AIM OF THE EXERCISE:
Give all the lines below again, exactly, with no pictures.
⁂
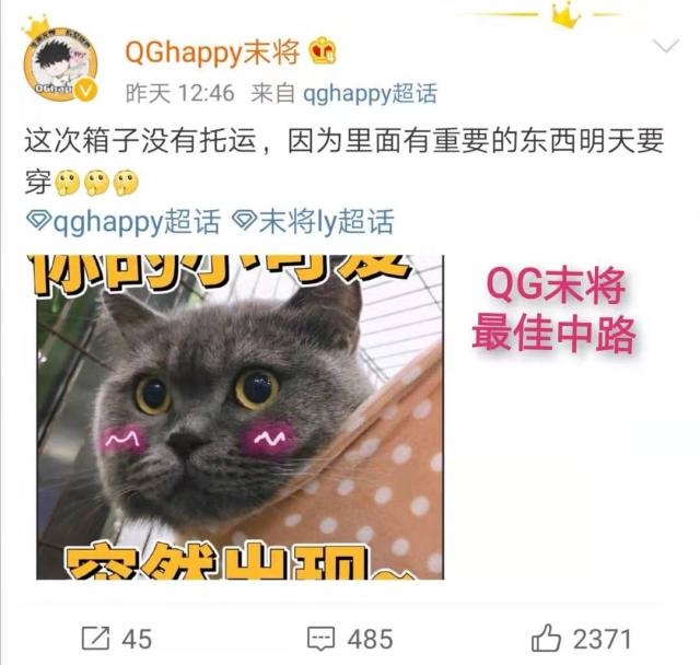在11月20号的中午,QGhappy的中单Mojo在社交平台发布了一条消息“这一次箱子没有托运,因为里面有重要的东西明天要穿”,对于“穿”这个字眼,还是让大家猜测不断的。Mojo所述的“明天”也就是11月21号,但是当天并没有QGhappy的比赛,只有eStarPro对阵JC战队,所以Mojo并不是要穿队服去打比赛。
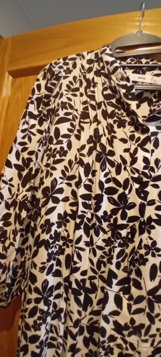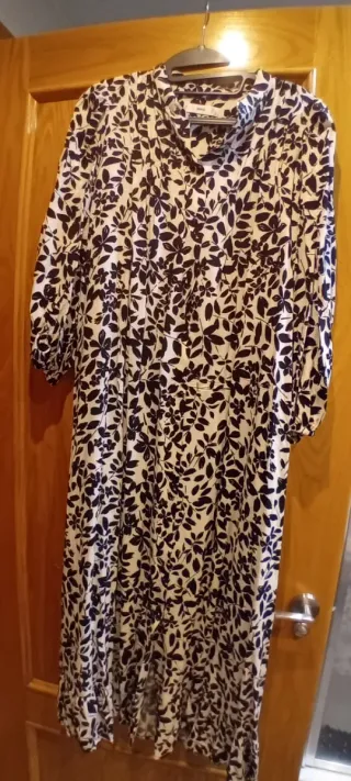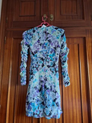 Vestido con un bonito estampado floral en tonos azules. Ideal para lucir un estilo fresco y femenino. - Diseño con escote en V. - Mangas largas abullonadas. - Cintura marcada con detalle fruncido. - 97% Algodón - Perfectas condiciones, nuevo sin etiquetas.
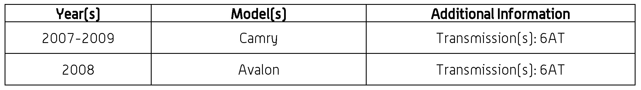 '07-'08 Camry, '08 Avalon
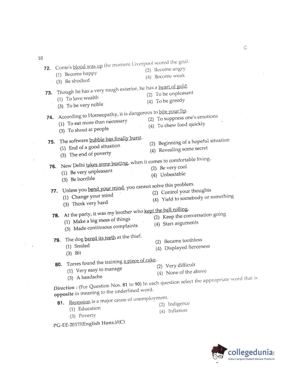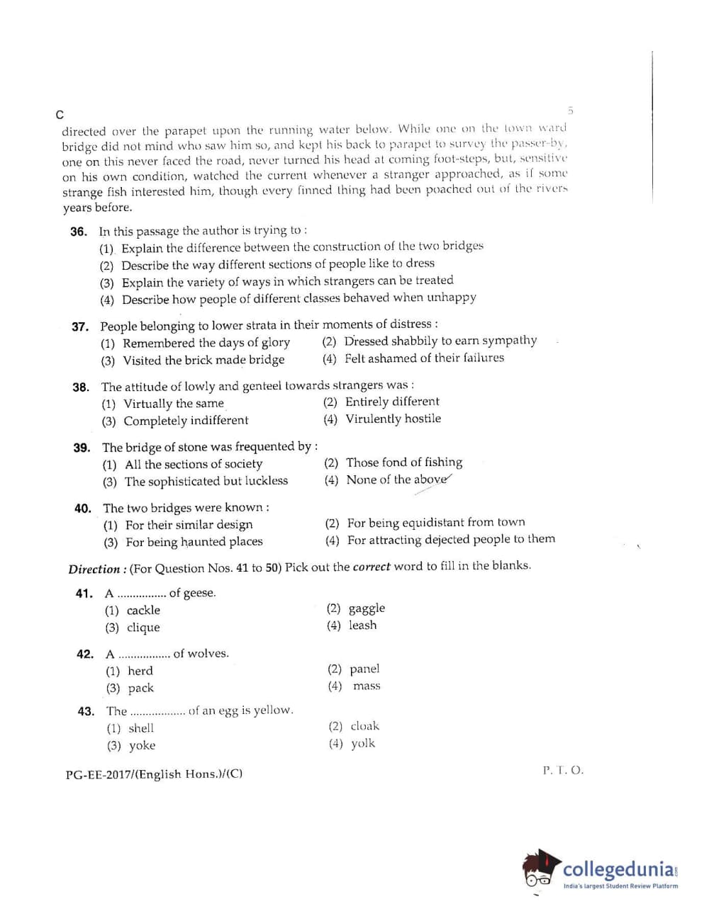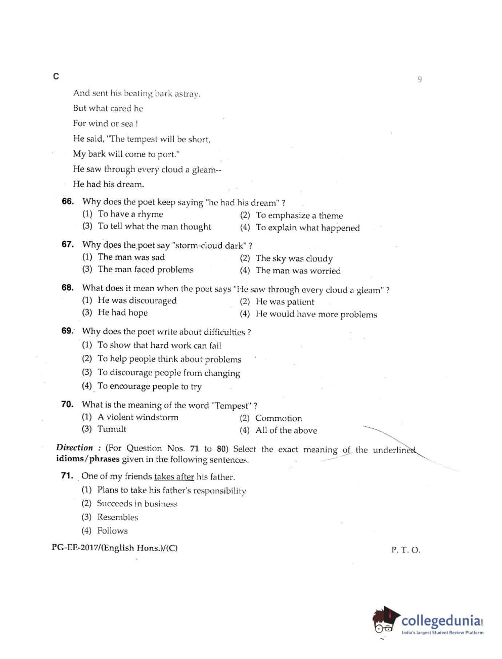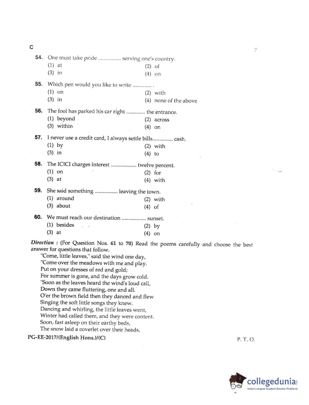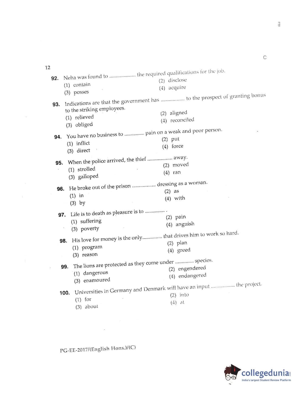 MDUCEE 2017 M.A. (Hons) English 5 Years Integrated Set C Question Paper with Answer Key PDFs
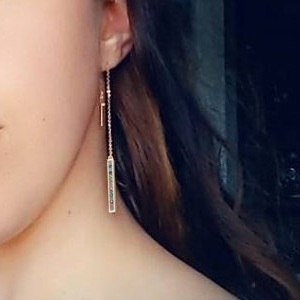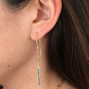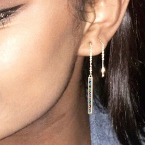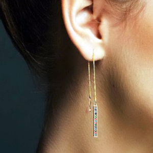 Серьги-протяжки с нежными цепочками (кубические змейки) и золотыми подвесками в виде брусков, на одной из сторон расположены чередующиеся цветные прозрачные камушки. Вставка из австрийских кристаллов может включать цвета - синий, рубиновый, изумрудный, белый, черный, бирюзовый, розовый, фиолетовый, сиреневый.
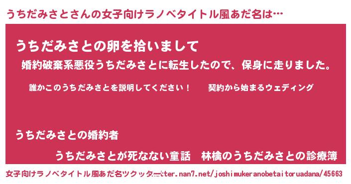 | 胡散臭い通販商品みたいなあだ名 | 『億万長者になれるブレスレット…その名も「うちだみさと」』 |
⁂
YOUR SOLUTION:
在11月20号的中午,QGhappy的中单Mojo在社交平台发布了一条消息“这一次箱子没有托运,因为里面有重要的东西明天要穿”,对于“穿”这个字眼,还是让大家猜测不断的。Mojo所述的“明天”也就是11月21号,但是当天并没有QGhappy的比赛,只有eStarPro对阵JC战队,所以Mojo并不是要穿队服去打比赛。
 Vestido con un bonito estampado floral en tonos azules. Ideal para lucir un estilo fresco y femenino. - Diseño con escote en V. - Mangas largas abullonadas. - Cintura marcada con detalle fruncido. - 97% Algodón - Perfectas condiciones, nuevo sin etiquetas.
 '07-'08 Camry, '08 Avalon
 MDUCEE 2017 M.A. (Hons) English 5 Years Integrated Set C Question Paper with Answer Key PDFs
 Серьги-протяжки с нежными цепочками (кубические змейки) и золотыми подвесками в виде брусков, на одной из сторон расположены чередующиеся цветные прозрачные камушки. Вставка из австрийских кристаллов может включать цвета - синий, рубиновый, изумрудный, белый, черный, бирюзовый, розовый, фиолетовый, сиреневый.
 | 胡散臭い通販商品みたいなあだ名 | 『億万長者になれるブレスレット…その名も「うちだみさと」』 |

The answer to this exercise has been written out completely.